With the sun rising over the crystal-clear volcanic lake, it was time to go. I had a great swim and quickly got into the lead in my age group on the bike. After forty kilometres I heard a loud crack from underneath me, and then I felt my seat sliding away. I nearly fell. I stopped to check the damage and saw that my seat had snapped off the seat post. There was nothing I could do. No repair possible. I needed a new seat post. I tucked my seat into my tri suit and decided to finish the last fifty kilometres of the lap without a seat. I had to go back into town to support my crew anyway and the pick-up wagon was probably miles away. The more I was riding, the more my legs were screaming, but the more I was also hearing Morgo’s voice. ’But you will be racing for me. You will be racing for me’. I could not pull out anymore, so I passed my seat to Zoe who was spectating that day.

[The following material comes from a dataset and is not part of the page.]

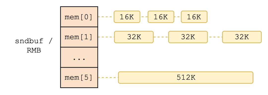 SMC-R 协议栈为每条 SMC-R 连接分配了独属的收发缓冲区:sndbuf (发送缓冲区) 与 RMB (接收缓冲区,Remote Memory Buffer)。这是两片地址连续,长度在 16 KB ~ 512 KB 间的内核态 ring buffer。

I had to honour him, his pain, and our friendship. Riding 140 kilometres without a seat was agonising, hell on earth but every time the pain threatened to overwhelm me I thought about him and how much more pain he had been through because of me. I felt an unbearable sadness and a mountain of guilt as he was now in a wheelchair because of my coaching, because I had prescribed a bike ride in his program that day. My hands, feet and lower back had never been this sore. My back was seizing up, my hands were blistering, and my toes were bleeding from hitting the front of my bike shoes.
I finished the bike ride in tears, begging the volunteers to give me Nurofen or Panadol in the change tent. But they refused. It would be considered outside assistance, which meant automatic disqualification. I sat there in transition, slowly putting my shoes on, thinking about Morgo while trying to convince myself that I could now run a marathon. I doubted it. My legs were shacking and I felt like I had been stabbed several times into my lower back. At that precise moment, Robbo ran past me and yelled, ‘Come on! Racing for Morgo.’ She was right, it was time to get out of my pity party. He had suffered 30 factures. Who was I to complain about my sore body. ‘Don’t be a soft cock!’ I yelled at myself.